American documentary filmmaker and television producer

Immy Humes is an American documentary filmmaker and television producer. Her first independent documentary was nominated for an Academy Award in 1991, and she continues to make films about contemporary American life. Humes has also taught filmmaking at the New York Film Academy, NYU/Brooklyn Polytechnic and City College of New York.

==Career==
Early in her career, Humes had determined to make a film biography of her father, Harold L. Humes. Beginning in 1992, Humes began to shoot and collect footage of her sisters, Norman Mailer, Timothy Leary, George Plimpton and others who had known her father well. In 2008, Humes released Doc, which chronicled the life and impact of the influential activist, novelist, and editor. A one-hour version of the 90-minute film ran as an episode of Independent Lens on PBS.

She is currently making a film portrait of the American radical filmmaker Shirley Clarke, in association with Milestone Films and with a grant from the NEA.

After working in television for several years, Humes directed A Little Vicious, a short documentary film about Bandit, a dog who had been sentenced to death for biting. Narrated by actor Kevin Bacon, and featuring dog trainer/philosopher Vicki Hearne, this "offbeat documentary" was lauded by the New York Times reviewer as paying "rewarding attention to the little peculiarities of all involved." The film was nominated for the 1991 Academy Award for Best Documentary (Short Subject).

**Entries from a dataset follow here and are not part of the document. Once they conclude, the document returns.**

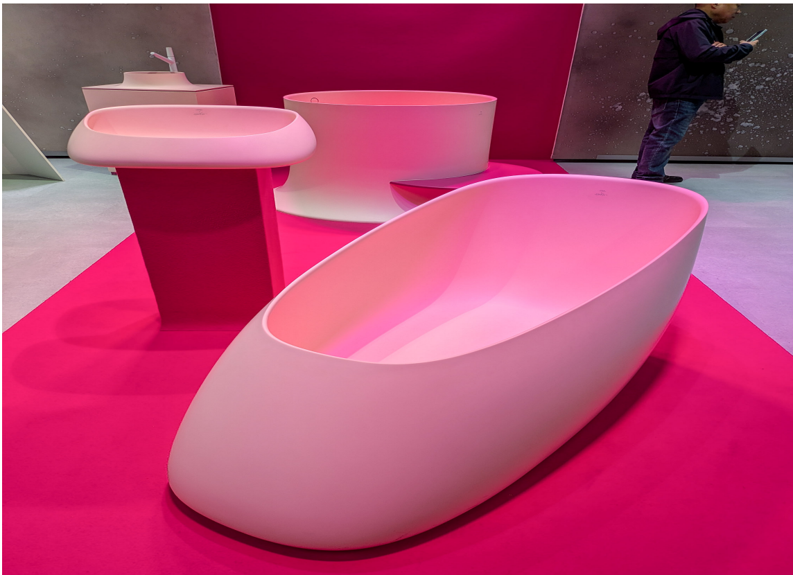
ALIEN-KOKONG: Pointe-serien er tegnet av Karim Rashid for PAA. Dette er et badekar i futuristisk stil, med en kokong-lignende form.

Også i dusjen er et populært med litt albuerom, og her kombineres gjerne en raus takdusj med en hånddusj. Ny teknologi sikrer at vannforbruket holdes lavt selv om dusjopplevelsen føles som et tropisk regnskyll. Noen dusjløsninger resirkulerer til og med vannet ved å filtrere, desinfisere og varme det opp igjen.
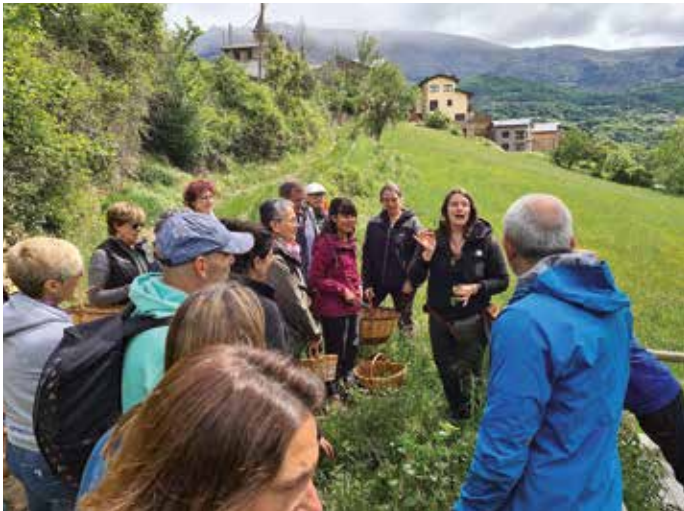
Taller: Com recollir i preservar plantes medicinals

hem gaudit d'espectacles, activitats a la natura, música... Us en deixem una mostra fotogràfica.
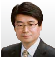
(株)東芝 研究開発本部 研究開発センター サイバーセキュリティ技術センター 技監
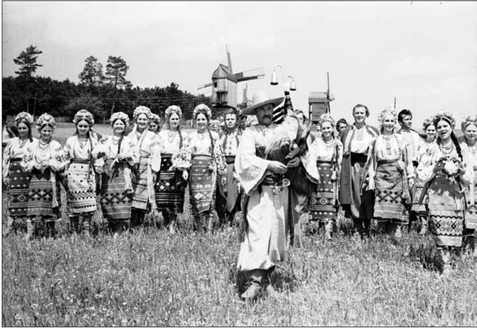
Виступ Державного заслуженого українського народного хору ім. Г. Верьовки у Музеї народної архітектури та побуту УРСР. м. Київ, 1980-і рр.

Тематический обзор представляет аудиовизуальные документы из фондов ЦГКФФА Украины имени Г. С. Пшеничного, которые освещают творческий путь Национального заслуженного академического украинского народного хора им. Г. Веревки.
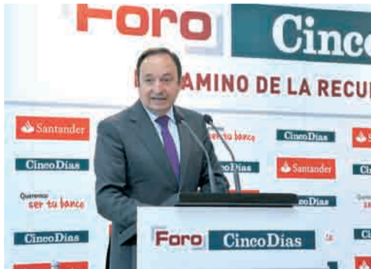
Pedro Sanz, presidente de La Rioja, en su intervención.

Para La Rioja “es menos complejo que para otras regiones estar a la altura de los retos que ha marcado el Gobierno de España”, indicó Sanz durante su intervención en el Foro de Política y Eco-
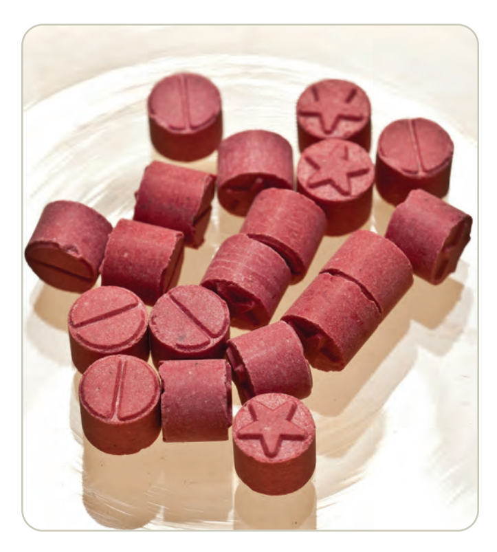
MDMA/Pastillas de éxtasis

Muchos alucinógenos son sustancias de Clasificación I bajo la Ley de Sustancias Controladas, lo que significa que tienen un alto potencial para el abuso, no tienen ningún uso médico aceptado en la actualidad en los Estados Unidos y carecen de la seguridad aceptada para su uso bajo supervisión médica.
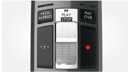
Bedienung per Schiebeschalter (schneller Vorlauf, Aufnahme/Wiedergabe, Stopp, schneller Rücklauf)
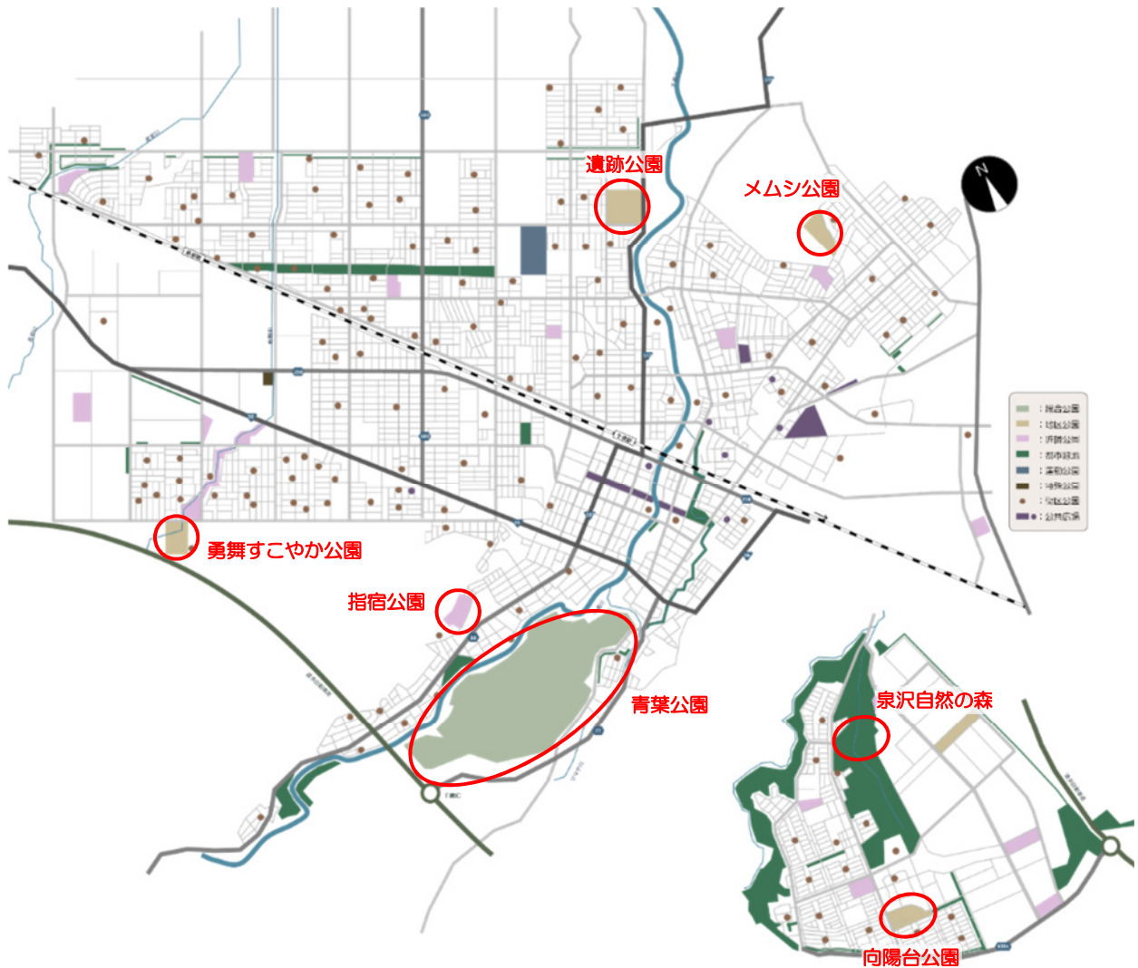
図 実施公園位置図
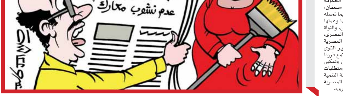
قبضت المرتب ولا لسه؟ حظك اليوم تجاهل الرد حرصاً على عدم نشوب مارك

كتب: رضا سلامة، في إطار احتمالات محافظة الجيزة بعيدها القومي 101، نظمت المحافظة حفل زفاف جماعياً لـ 30 عروسة يتيمة من غير القادرين من أبناء المحافظة، حيث حرصت المحافظة بالتعاون مع الجمعيات الأهلية في تجهيز العرائس بالأجهزة الكهربائية والمنزلية والمفروشات والعديد من مستلزمات المنزل دعماً لهم ولإعانتهم. وقام اللواء أحمد راشد، محافظ الجيزة، بتسليم العرائس الأدوات الكهربائية والهدايا في جو عائلي بهيج بحضور الأهالي، حيث أعرب محافظ الجيزة عن سعادته بالمشاركات المجتمعية ومساعدة أبناء المحافظة من قبل الجمعيات الأهلية، خاصة مع بدء غير القادرين، موجهاً الشكر للقائمين على تلك المؤسسات الجادة. وأشاد المحافظ بدور منظمات المجتمع المدني التي تسعى لتقديم خدمات مجتمعية للمواطنين وتساعد الشباب في ظل توجيهات الرئيس عبدالفتاح السيسي، رئيس الجمهورية، بتقديم كل الدعم والتسهيلات لهم. أشار راشد إلى أنه تم التنسيق مع مديرية التضامن الاجتماعي والجمعيات الأهلية لاختيار العرائس والمناطق التي وقع عليها الاختيار بأحياء ومراكز ومدن المحافظة من الفتيات اليتيمات، وذلك في إطار التعاون الجيد بين المحافظة والجمعيات الأهلية وحرص المحافظ على حضور
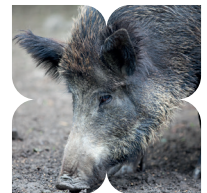
Het zichtvermogen van het wild zwijn is relatief slecht. Ruiken kan hij als de beste.

Sla LA op de Y-splitsing en volg het gravelpad, daarna het schelpenpad. Bij het informatiebord start een korte route langs de prehistorische nederzetting. Ga LA naar het overkapte informatiebord en vóór dit bord RA tussen hekjes door en volg kronkelend paadje langs een hut. Blijf dit pad volgen tot de open plek, ga daar RA omhoog en volg het graspad LA naar beneden. Ga na het informatiebord LA over het schelpenpad. Ga aan het eind LA en volg het pad tot de parkeerplaats.
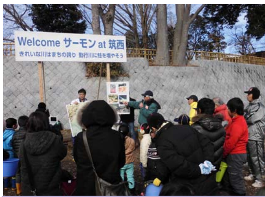
きれいな川はまちの誇り 勤行川に鮭を増やそう

二月十一日(火)、勤行川の筑西市勤行緑地河川敷において、しかもだて紫水ロータリークラブ主催で鮭の稚魚の放流が行われました。
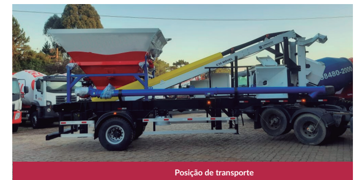
Posição de transporte
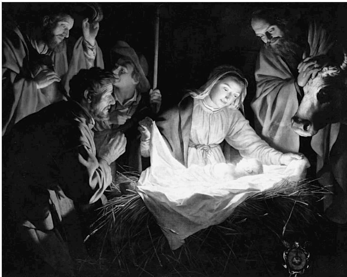
Jesu födelse, målning av den nederländske konstnären Gerrit van Honthorst

Vid den tiden utfärdade kejsar Augustus en förordning om att hela världen skulle skattskrivnas. Det var den första skattskrivningen, och den hölls när Quirinius var ståthållare i Syrien. Alla gick då för att skattskrivna sig, var och en till sin stad. Och Josef som genom sin härkomst hörde till Davids hus, begav sig från Nasaret i Galileen upp till Judeen, till Davids stad Betlehem, för att skattskrivna sig tillsammans Maria, sin trolovade, som väntade sitt barn.
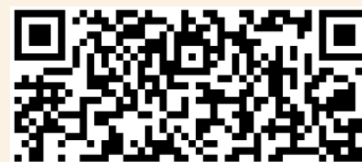
獎助學金圖文說明
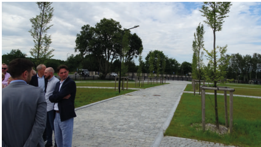
Nowa część cmentarza Parlety. Ma pełnić swoje funkcję przez kolejnych 40 lat.

Przejazd jumbostradami m.in. przez Sztumskie Pole pokazał raz jeszcze, jak ważna była decyzja sprzed kilku
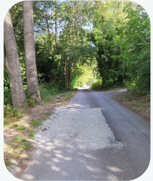
Le chemin des Seynes et le chemin de Fontèze, rénovés

Nos chantiers importants de ce début de mandat, aménagement lotissement Font Clarette, fin des travaux route de Blauzac et réfection du carrefour de la mairie se sont achevés début 2023.
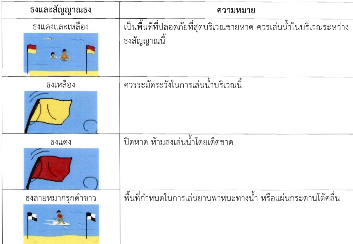
ตารางที่ 2 ความหมายของธงและสัญญาณธง
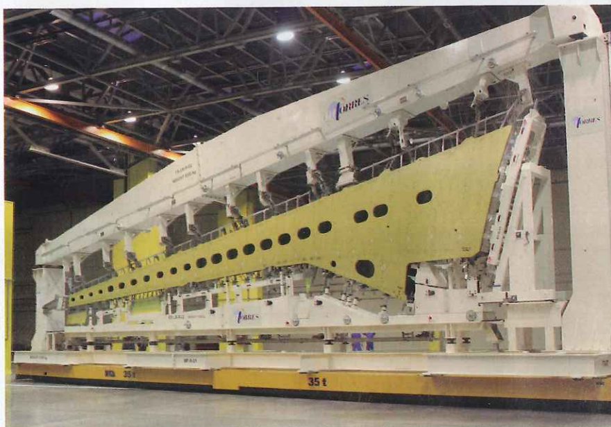
Primer ala del MS21 en la estación 01.41.

Nuevos clientes del sector aeronáutico y países como Bélgica, Austria y Arabia Saudí se han sumado a su portfolio superando sus objetivos de contratación. MTorres escucha atentamente el mercado y se adapta a sus requerimientos, invirtiendo exitosamente en el desarrollo de nuevos productos, obteniendo diseños punteros, pioneros y posicionados en el liderazgo del sector aeronáutico. Por todo ello, el 40% de las máquinas contratadas son máquinas de laminación, segmento en el cual destaca el suministro de Automatic Fiber Placement. Un total de 16 AFP y 7 ATL fueron contratadas sólo en el año 2015. Asimismo, merece la pena destacar su involucración en varios proyectos de fabricación y ensamblaje del ala de fibra de carbono del nuevo programa de Boeing 777-X.
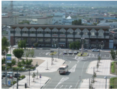
JRさくらんぼ東根駅

事業名 東根都市計画事業 一本木土地区画整理事業 受賞機関 東根市 実施期間 平成5年11月15日～平成21年3月31日
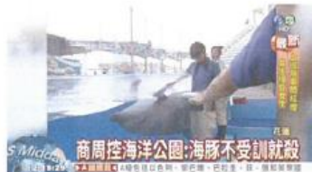
商週爆料: 海洋公園虐訓海豚
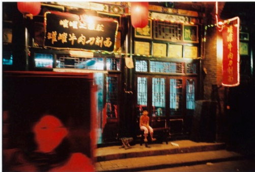
L'enfant dans la nuit, Pingyao, Chine, 2005

26 AVRIL 2017 - FRANCE , ECRIT PAR L'ŒIL DE LA PHOTOGRAPHIE
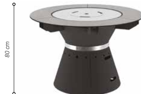
Modèle peinture noire présenté avec plancha gaz
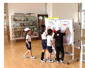
↑ 校長賞の発表を見る児童

さて、今年も校長賞の表彰を行うことにしました。「よく学ぶ子」「豊かな子」「たくましい子」「ともに生きる子」それぞれに一人一人のよさを認め、子供たちの励みになるとよいと思っています。受賞した子供たちは、校長室で撮った写真と鉛筆またはカードを持ち帰りますので、御家庭でもおおいにほめていただければと思います。
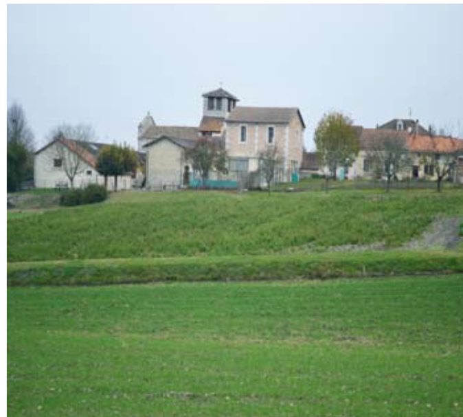
Le cadre naturel séduit à Cornille

Cornille a obtenu en 2007 la Marianne nationale et départementale du civisme avec 90,52% de votants, la classant première commune sur 6109, dans la catégorie de 501 à 1000 électeurs inscrits
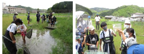
図4 生き物観察会(たんば子ども塾)

8月10日に丹波青少年本部主催「たんば子ども塾」において丹波地区の小学生約30名を対象に観察会を行った(図4)。参加者全員でビオトープの生き物を採集し、水槽やバットに種類ごとに分類して観察できるようにした。それを私たちが生態や特徴などの解説をした。
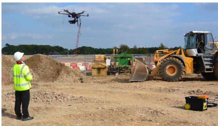
Рис. 4. Использование дрона в обследовании земельного участка строительной компанией Handy X Hub development*

Визуализация AR дополняется возможностью использования дронов ("6") в проектно-изыскательских и строительных работах на участке (рис. 4). Функционал дронов: об-
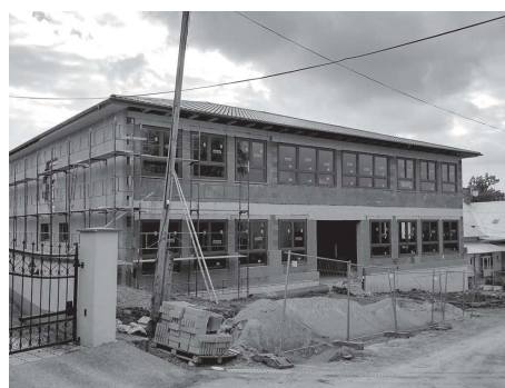
"Výstavba základnej školy v obci Boliarov – odstránenie dvojzmennej prevádzky"
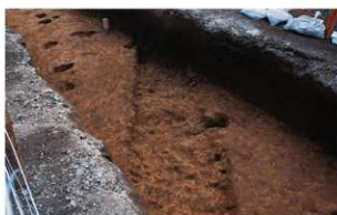
4 第3号溝跡 (北東から)
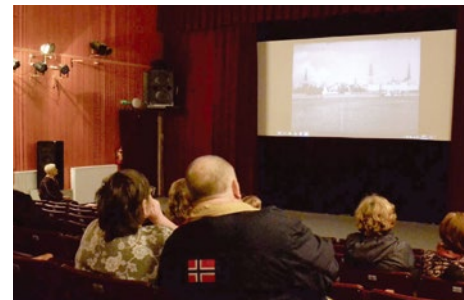
Pasākuma apmeklētāji bauda arhīvā esošo filmu “Brauciens pa ziedošo Zemgali”.
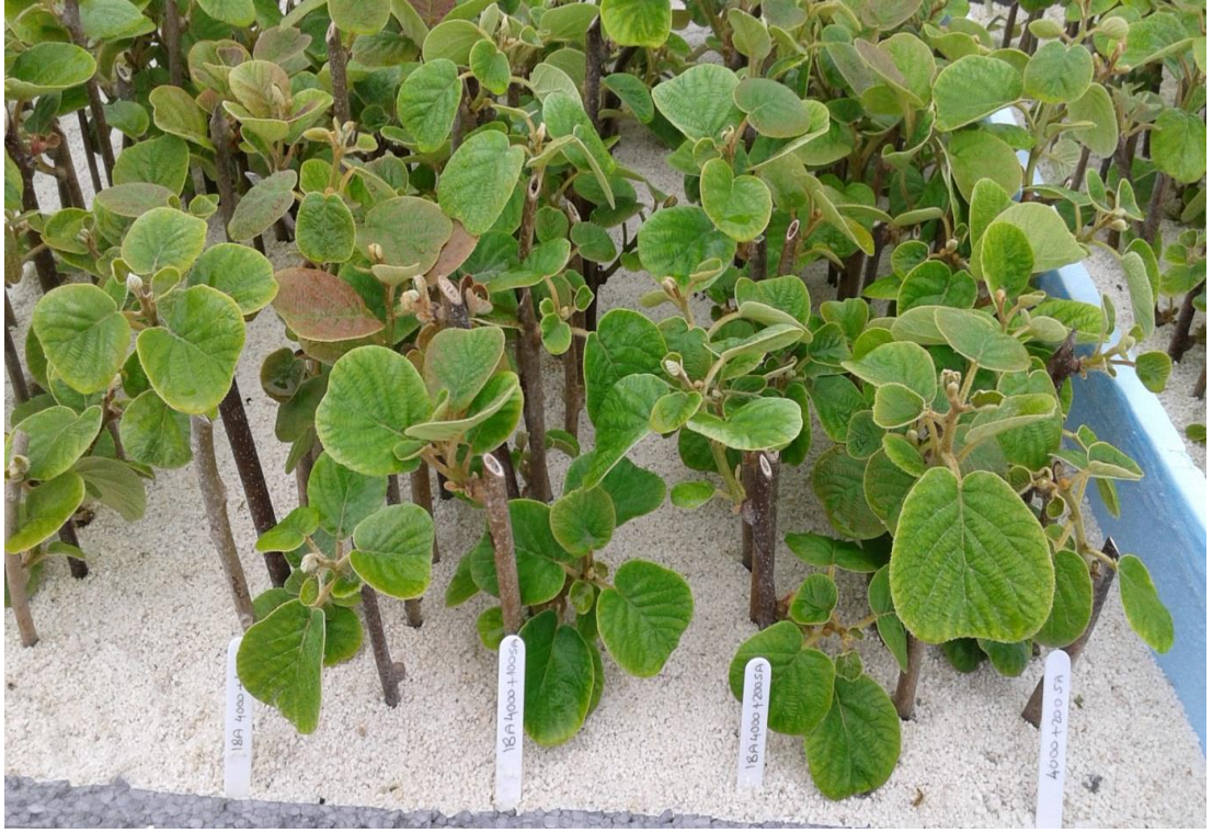
Ek 13. 21 °C köklendirme ortamında 4000+100 ppm (IBA+SA) ve 4000+200 ppm (IBA+SA) uygulamaları (11.05.2016)
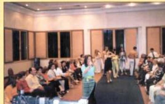
Salão novo do Centro de Convenções do Hotel Villa Rossa lotado para o desfile.
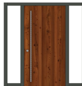
mit 2 Seitenteilen
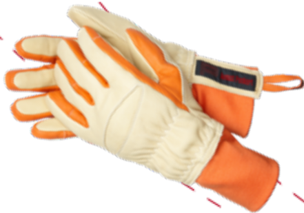
ELK DEFENDER 2.0 gemäß EN 659:2008
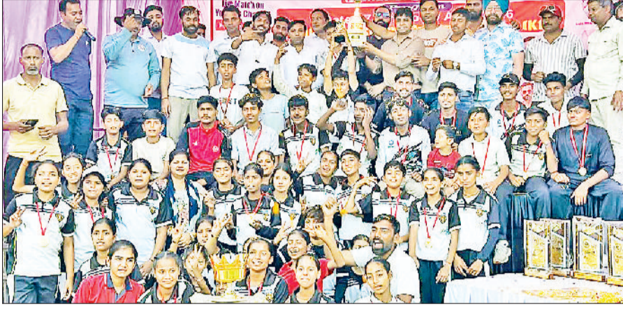
सीवन। सीवन में आयोजित प्रतियोगिता के विजेता टीमों के साथ आयोजक।

Humes returned to television as a segment producer for Michael Moore's short-lived TV Nation series. In 1995 Humes released Lizzie Borden Hash & Rehash, a documentary short exploring the strange fascination held by some people for Lizzie Borden, the Massachusetts woman accused but not convicted of killing her parents in 1892.

After working as an associate producer for A Life Apart: Hasidism in America, a film by Menachem Daum and Oren Rudavsky, in 2001 Humes made a documentary on Canadian anthropologist and ethnobotanist Wade Davis for the National Geographic Channel. She made a six-part series on chronic unemployment that ran on Salon in 2012.

==Early life==
Immy Humes was born and brought up in New York City, one of four daughters of Anna Lou Elianoff and writer Harold L. Humes, co-founder of The Paris Review. Immy graduated with honors from Harvard University in the field of Social Studies, and commenced a media career in filmmaking, interning at Boston's WGBH-TV public television station.